Cependant, une faible participation et des citoyens désenchantés ne font qu'inciter des intérêts malvenus à l'emporter sur la volonté nationale. En conséquence, plutôt que de se pencher sur les effets de la pandémie de Covid-19 et de donner la priorité aux problèmes nationaux, le régime s'est plutôt concentré sur l'accélération de ses programmes d'enrichissement nucléaire au mépris des traités mondiaux de non-prolifération nucléaire, exacerbant les tensions régionales par le biais de ses mandataires en Irak, au Yémen, en Syrie et dans la bande de Gaza, et poursuivant son programme de développement de missiles à longue portée.

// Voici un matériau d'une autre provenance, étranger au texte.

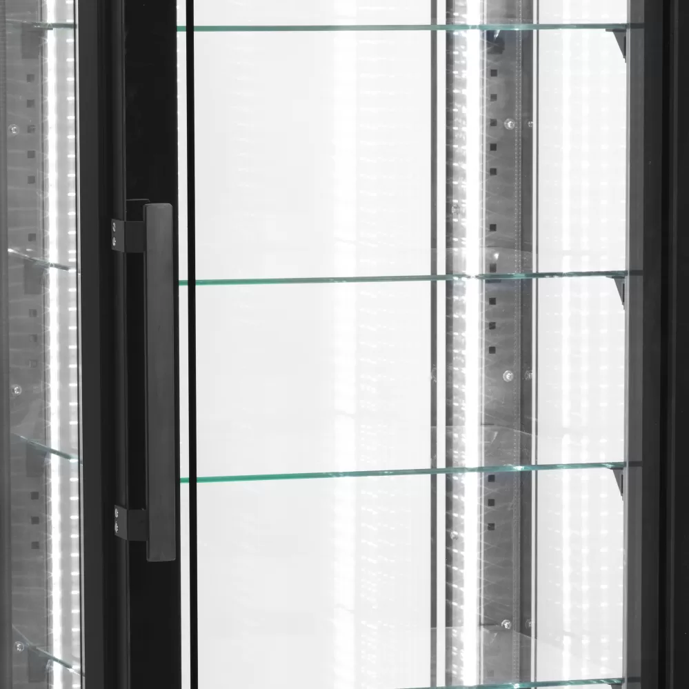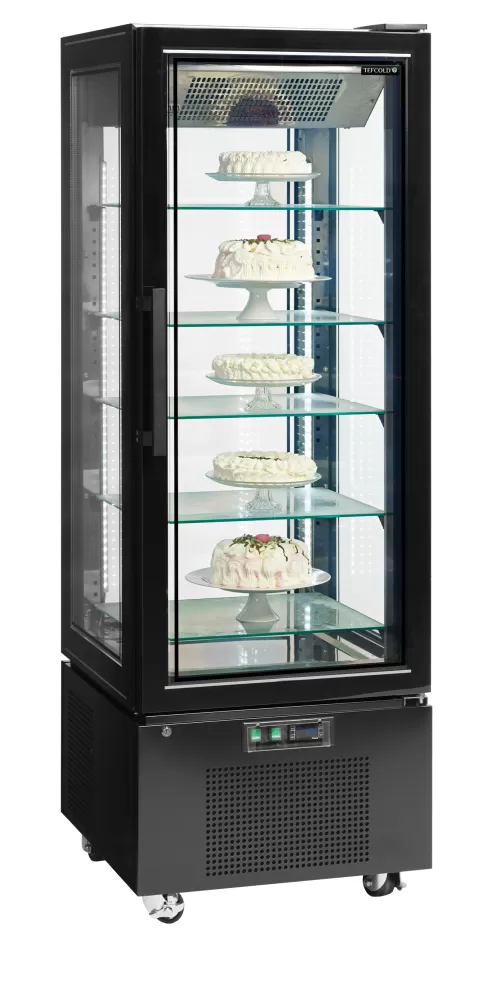 Mrazicí vitrína TEFCOLD UPD 400 F Black má všechny čtyři strany prosklené s dvojitým izolačním sklem, což zajišťuje vynikající prezentaci vystavených produktů. Má také bezrámové dveře s vyhřívaným rámem. Výšku mezi skleněnými policemi je možné změnit dle potřeby. Vitrína je skvělá např. pro prezntaci zmrzlinových pohárů a jiných mražených pochutin. dvojité izolační sklo na čtyřech stranách|prosklené dveře bez rámu|vynikající prezentace produktů|vnitřní LED osvětlení|černý ocelový exteriér|nerezový interiér se zrcadlovým efektem|nastavitelné skleněné police|mrazicí jednotka Mrazicí panoramatická vitrína
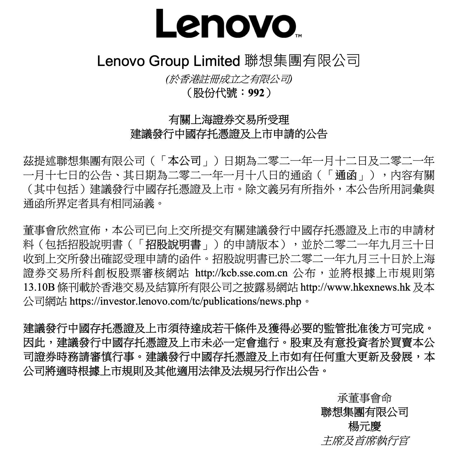10月4日,联想集团在港交所公告,公司已向上交所提交有关建议发行中国存托凭证及上市的申请材料(包括招股说明书的申请版本),并于2021年9月30日收到上交所发出确认受理申请的函件。

De plus, les pourparlers de Vienne sur l'accord nucléaire ne traiteront finalement que d'un aspect du comportement troublant de l'Iran. Pendant ce temps, les sanctions et restrictions connexes qui ciblent son programme de développement de missiles et ses activités de déstabilisation régionale ne vont tout simplement pas assez loin.

Le résultat est un cercle vicieux : le succès des négociations de Vienne et la réémergence de l'Iran sur la scène mondiale valideront efficacement pour les huit à douze prochaines années le leadership continu d'un gouvernement de ligne dure dominé par les CGRI qui résistera à tous les efforts visant à étendre le JCPOA ou à négocier des accords de suivi ciblant l'influence pernicieuse et déstabilisatrice de Téhéran dans la région.

Cependant, l'échec d'un accord sur un retour au respect de l'accord nucléaire entraînera une accélération du programme nucléaire iranien, qui, selon certains experts, pourrait produire de l'uranium hautement enrichi à l'échelle industrielle d'ici quelques semaines à des fins militaires.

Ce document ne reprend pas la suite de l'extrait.